The situation with DeFi scams has become so dire that even large social media influencers have been caught promoting outright scams, and not disclosing that they have been paid to do so, or - even worse - that the projects actually belong to them. Here, you needn’t look further than “Save the Kids” tokens.
This is, once again, happening due to a lack of regulatory clarification from the relevant governmental institutions. If the SEC had clear guidelines on how they classify crypto, things would likely be different, at least to a noticeable extent.
Naturally, however, a lack of regulation is just one part of the deal. DeFi scams would exist, either way, since where there’s a lot of people, scammers are always going to find a way of sneaking in.
Examples can go on, and range from the $325M Wormhole hack, all the way to the $625M Ronin Network hack, Terra Luna collapse, and the FTX debacle. While some of these have to do with CEXs, they are still notable events that everyone in the larger community can learn from!

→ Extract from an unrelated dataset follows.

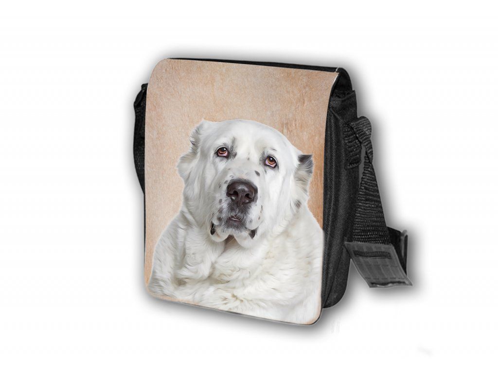 Nylonová vycházková taška s popruhem přes rameno, černé barvy. Velikost tašky je 21x20 cm. Na omyvatelné, odnímatelné ploše velikosti 17x20 cm je krásný paint potisk Středoasijský pastevecký pes.
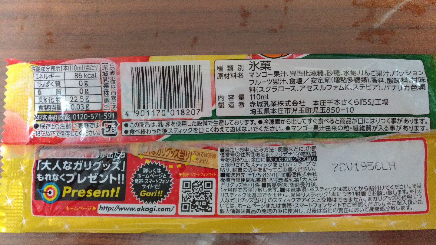 「ガツン、とみかん」の親戚。このシリーズは、みかん、もも、マンゴー、パインなど幾つか出ましたが、いずれも凍った果物そのものと、アイス部分のバランスがとても良いです。 赤城乳業は一番好きなメーカーだなー。

Hopefully, however, the tips of how to avoid DeFi scams while trading on dApps that we’ve discussed above will help you stay safe, and away from any potential crypto scams!
The decentralized finance sector is flourishing, and there are new, innovative projects coming up every day - this is amazing news for anyone who believes in the future of DeFi, and Web 3.0 innovations, in general.
With great innovations, however, there come risks of getting scammed - DeFi scams are no exception to this rule.
Now that you know what is a crypto scam and how to spot crypto scams, in general, you should be able to trade and invest in different projects with a much bigger peace of mind. Obviously, however, you should always do your own research - this can’t be emphasized enough! Be critical of opportunities that seem too good to be true, and only trust apps and software from official sources!
If all else fails, remember that you can revoke token spending approvals after you've interacted with a dApp - it's one of the ways to prevent unauthorized access to your tokens! This is especially important if the protocol where you granted approvals got hacked - in a scenario like this, your tokens may be stolen, so aim to stay ahead of the curve!
While we’ve discussed the most popular points to look at, from a skeptic's point of view, the truth is that things are rarely simple, and you really need to dig into the project’s fundamentals to see if it’s legitimate or not.
Do keep in mind, though, that you should take the time and explore the Binance Academy! Here, you’ll find ample amounts of information regarding the topics that interest you - this includes everything from how to spot DeFi scams, all the way to simple explanations of the often-complicated lingo associated with crypto.
With all of that being said, thank you for reading, and good luck with all of your crypto ventures to come!